[REBOL] Re: Compression
From: joel:neely:fedex at: 17-Apr-2001 17:12
Ryan Cole wrote:
> Joel Neely wrote:
> > ... Although the sequence "3/7" is a valid encoding for...
> > 0.42857142857142857142857142857142857142857142857...
> > ... I challenge you to find an equally compact encoding for...
> > 0.42857142857142857142857142857142857142857412857...
> Not exactly equally compact, but how about this:
> 23 / 7 S 6
> 23 divided by 7 skipping the first 6 digits.
> I know it does not work, but I could see the expression on your face
> from here. lol, lol, lol, lol.
> I am suprised you didnt here my laughs. Wew! I will be getting a good
> chuckle for awhile, thanks! Of course if I knew how to do such things
> Joel, you would have heared about it on the 6 o'clock news. ;^)
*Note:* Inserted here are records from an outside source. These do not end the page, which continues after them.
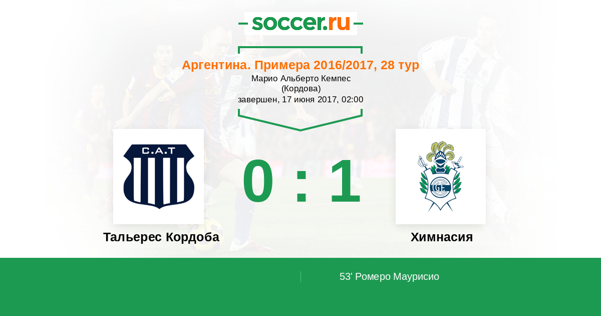 53' (0:1) Ромеро Маурисио (26) (Алеман Брайан Милтон (30))
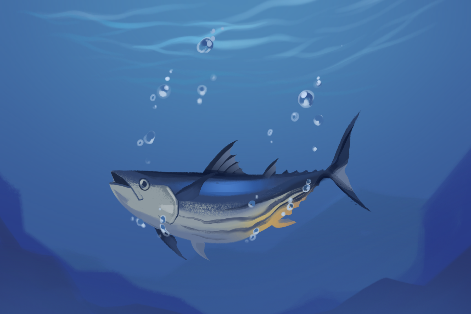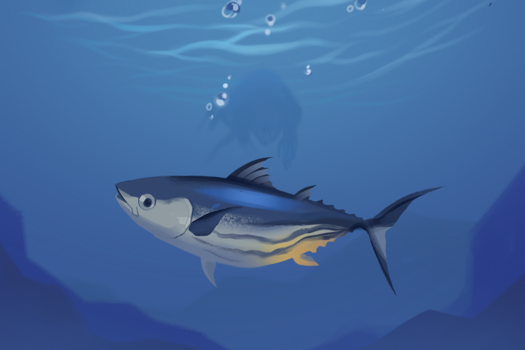 Captain Naut saw something in the distance. Originally he assumed it to be a bomb, but after darting, he noticed it was his beloved Pierre. He felt a great joy in his heart. Pierre must have followed his body down, and watched him transform. He thought his beloved son had been killed in the bombing. This was going to be the start of something new. As a fish, he could train the animals of the sea to protect themselves. Fight back against the horrors from above and stay away from danger. He calls out in excitement to his friend Pierre.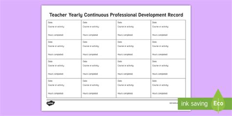 Elegant Teacher Professional Development Record Template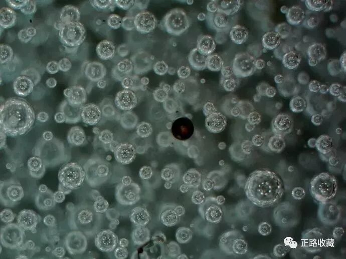 气泡就是在显微镜下观察瓷器胎外釉下,以及釉内蕴藏的气泡。
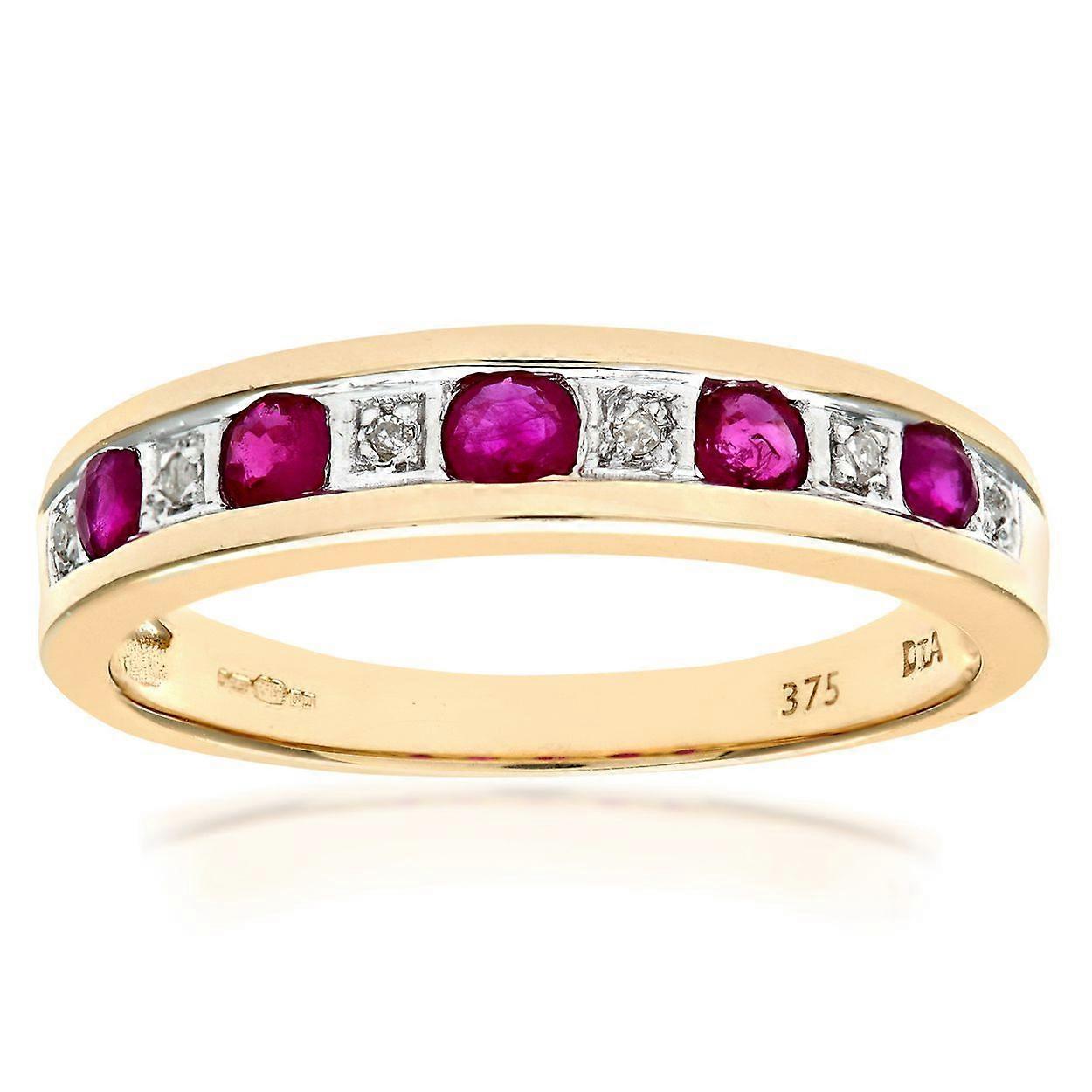 Jewelco London 9ct Yellow Gold Round 2pts Diamond Round 0.38ct Ruby Alternating Channel Eternity Ring 2mm

Well, sorry to disappoint on all three counts:
1) The correct answer is
2) Your visual imagination is better than my auditory perception. ;-)
3) I won't be on PBS, as the producers of Nova were not sufficiently
impressed with the production of the above answer. :-(
The real point of this little exercise, however, may have gotten lost
in the humor. Consider the following two messages:
Dear sir, we find that we are so overwhelmed with your ability
to perform arithmetic with numbers of more than two digits that
we would be delighted to accept your gracious invitation, and will
plan to visit your residence for an interview at your earliest
convenience. To be brief, yes.
Dear sir, madam, or whatever the case may be: Our attorneys will
be contacting you to serve a court order requiring that you cease
and desist any further attempts to harrass our receptionist or
other employees with your constant requests that we devote air
time to the fact that you can do arithmetic. To be blunt, no.
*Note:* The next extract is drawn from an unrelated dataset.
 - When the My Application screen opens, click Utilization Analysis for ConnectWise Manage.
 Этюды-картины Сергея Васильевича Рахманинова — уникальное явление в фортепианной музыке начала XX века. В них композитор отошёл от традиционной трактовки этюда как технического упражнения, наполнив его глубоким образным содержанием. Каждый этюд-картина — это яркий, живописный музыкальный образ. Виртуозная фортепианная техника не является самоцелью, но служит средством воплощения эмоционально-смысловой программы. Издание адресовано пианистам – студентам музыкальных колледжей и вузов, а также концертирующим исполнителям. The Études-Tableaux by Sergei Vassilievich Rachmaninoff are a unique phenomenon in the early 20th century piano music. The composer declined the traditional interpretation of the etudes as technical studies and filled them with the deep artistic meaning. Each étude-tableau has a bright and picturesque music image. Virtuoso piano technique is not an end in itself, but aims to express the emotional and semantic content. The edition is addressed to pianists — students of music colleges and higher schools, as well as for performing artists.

If those are the only two messages possible, I can compress each of
them to a single bit! The same would be true if each message were
composed in triplicate, with the second copy in Anglo-Saxon and the
third in Mandarin (which, for the sake of convenience, we'll assume
to be represented phonetically in ASCII).
The number of bits has nothing to do with the "length" of the message,
but with the total number of messages that are possible, and with
their relative probabilities.
Therefore, if someone claims to be able to condense the content of
3600 CDs onto a single floppy disk, I'd respond that it's entirely
possible IF THERE ARE ONLY A RELATIVELY SMALL NUMBER OF POSSIBLE
CDs. For example, if there are only 4096 possible CDs, one can
code each one by a 12-bit value, regardless of how much data may be
on each CD. Sending a 3600 CD message would then require only 675
bytes. (Of course, decompressing that 675 bytes would require that
the recipient already have access to the content of a full set of
OTOH, if a CD can contain 600Mb of arbitrary data, then a collection
of 3600 CDs equates to approximately 2.16 terabytes.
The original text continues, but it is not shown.